- Opening Delimiter -
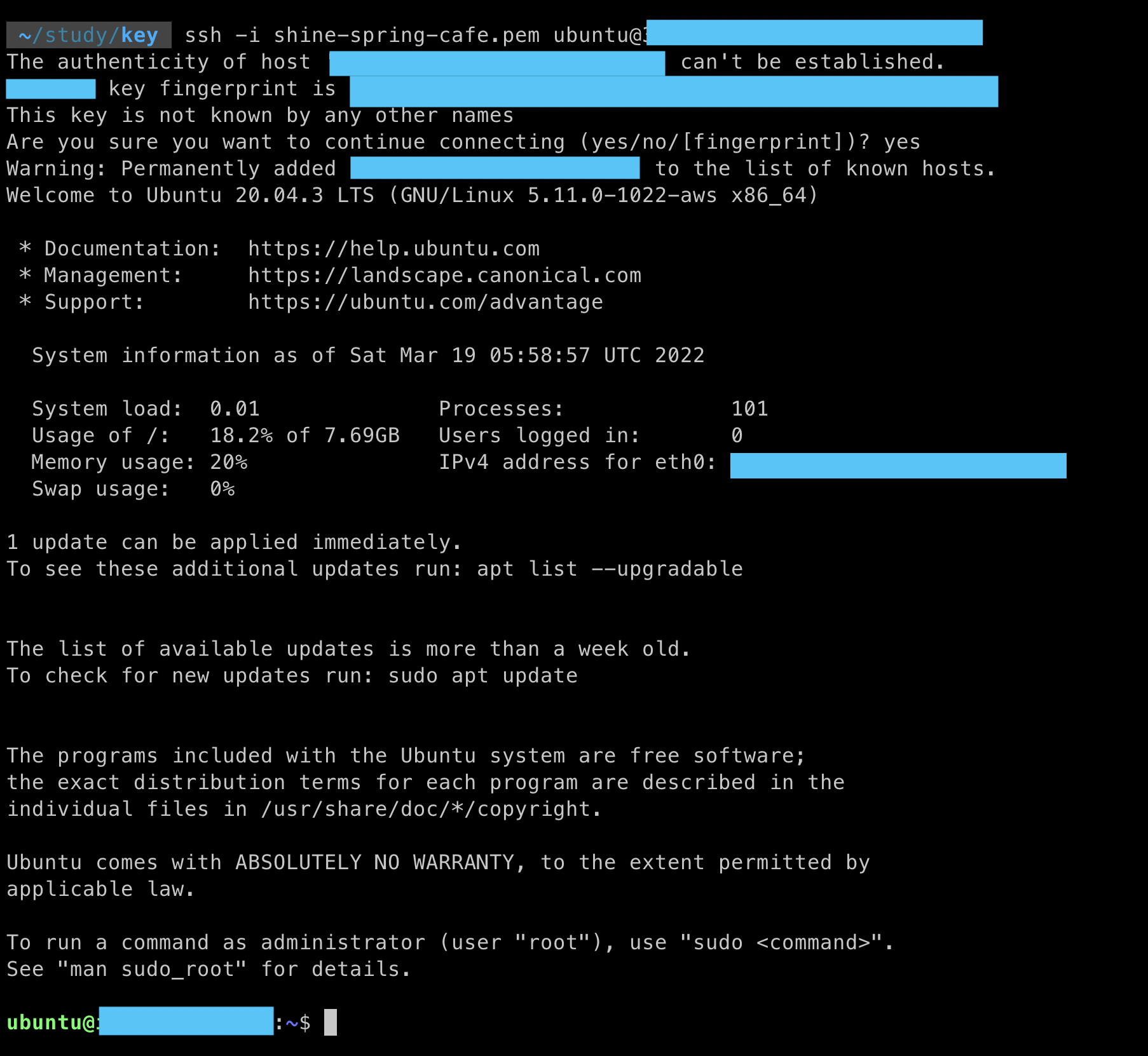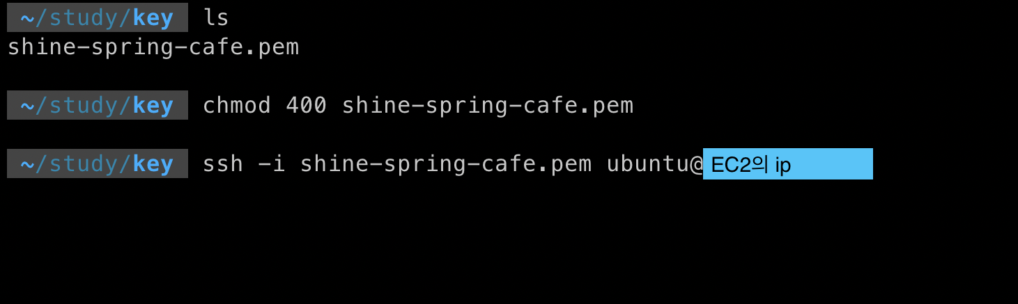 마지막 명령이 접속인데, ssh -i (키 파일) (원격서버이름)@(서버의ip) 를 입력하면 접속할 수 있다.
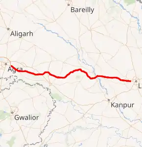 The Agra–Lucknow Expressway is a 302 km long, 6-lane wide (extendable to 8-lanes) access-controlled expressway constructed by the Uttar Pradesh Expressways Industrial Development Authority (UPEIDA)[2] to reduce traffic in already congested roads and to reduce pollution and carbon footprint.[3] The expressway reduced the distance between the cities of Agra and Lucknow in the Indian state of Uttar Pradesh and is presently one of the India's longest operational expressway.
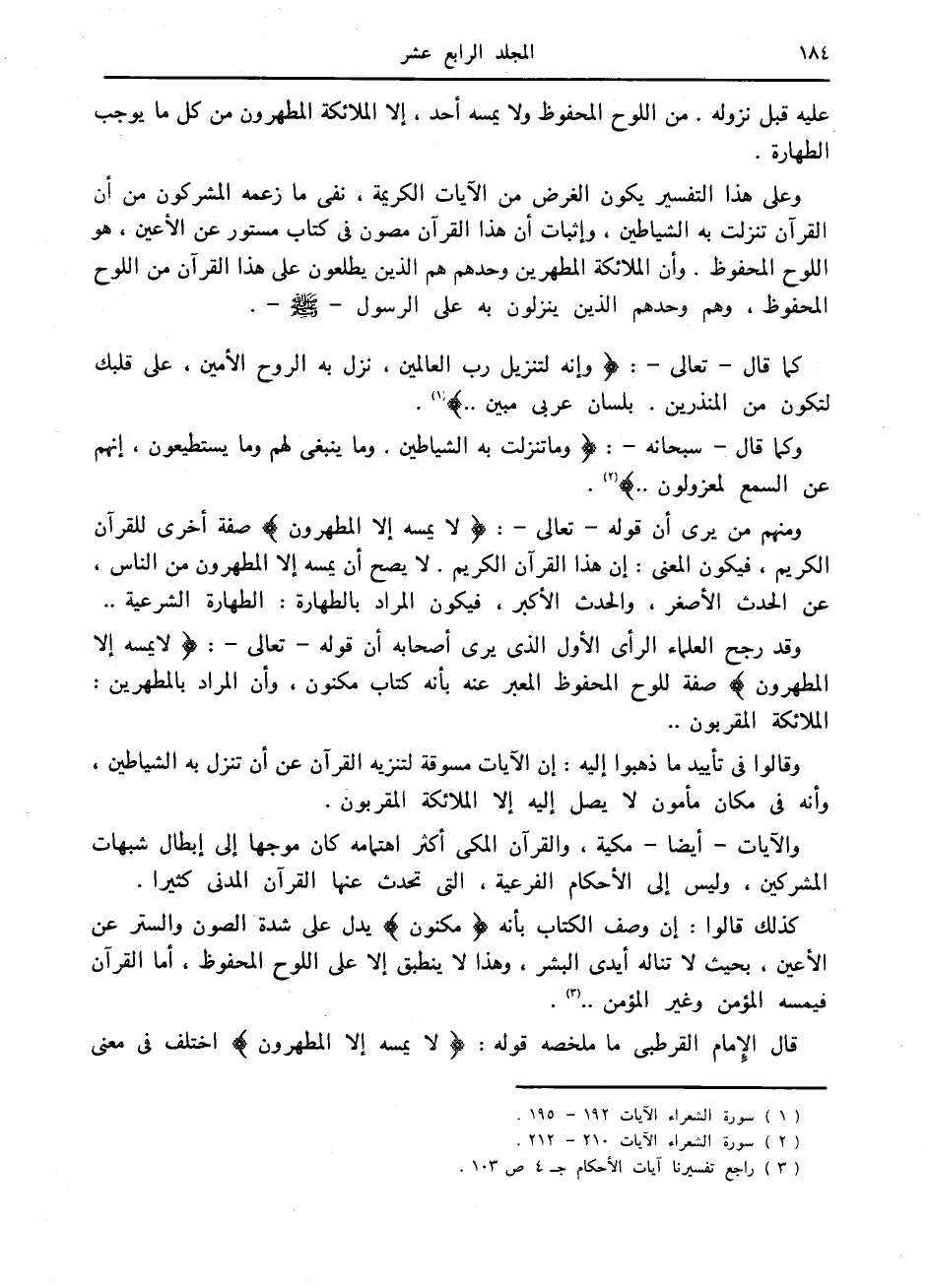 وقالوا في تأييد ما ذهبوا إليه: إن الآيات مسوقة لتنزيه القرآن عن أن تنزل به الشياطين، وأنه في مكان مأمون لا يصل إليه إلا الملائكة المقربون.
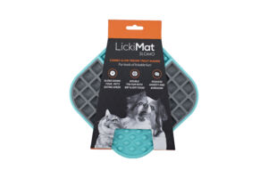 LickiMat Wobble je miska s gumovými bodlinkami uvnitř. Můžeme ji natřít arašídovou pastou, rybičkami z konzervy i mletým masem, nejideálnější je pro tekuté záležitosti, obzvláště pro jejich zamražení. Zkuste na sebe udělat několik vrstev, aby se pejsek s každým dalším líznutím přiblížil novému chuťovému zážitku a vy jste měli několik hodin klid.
- Closing Delimiter -
- Opening Delimiter -
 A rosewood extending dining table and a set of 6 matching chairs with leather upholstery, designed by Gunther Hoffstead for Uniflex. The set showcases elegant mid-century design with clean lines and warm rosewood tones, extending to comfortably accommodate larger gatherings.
- Closing Delimiter -
* **What to work on**
From the records above, give again only the part that opens with the line containing "마지막 명령이 접속인데, ssh" and closes with the line containing "LickiMat Wobble je". Keep both ends but drop the pictures.

* **Answer to the problem**
 마지막 명령이 접속인데, ssh -i (키 파일) (원격서버이름)@(서버의ip) 를 입력하면 접속할 수 있다.
 The Agra–Lucknow Expressway is a 302 km long, 6-lane wide (extendable to 8-lanes) access-controlled expressway constructed by the Uttar Pradesh Expressways Industrial Development Authority (UPEIDA)[2] to reduce traffic in already congested roads and to reduce pollution and carbon footprint.[3] The expressway reduced the distance between the cities of Agra and Lucknow in the Indian state of Uttar Pradesh and is presently one of the India's longest operational expressway.
 وقالوا في تأييد ما ذهبوا إليه: إن الآيات مسوقة لتنزيه القرآن عن أن تنزل به الشياطين، وأنه في مكان مأمون لا يصل إليه إلا الملائكة المقربون.
 LickiMat Wobble je miska s gumovými bodlinkami uvnitř. Můžeme ji natřít arašídovou pastou, rybičkami z konzervy i mletým masem, nejideálnější je pro tekuté záležitosti, obzvláště pro jejich zamražení. Zkuste na sebe udělat několik vrstev, aby se pejsek s každým dalším líznutím přiblížil novému chuťovému zážitku a vy jste měli několik hodin klid.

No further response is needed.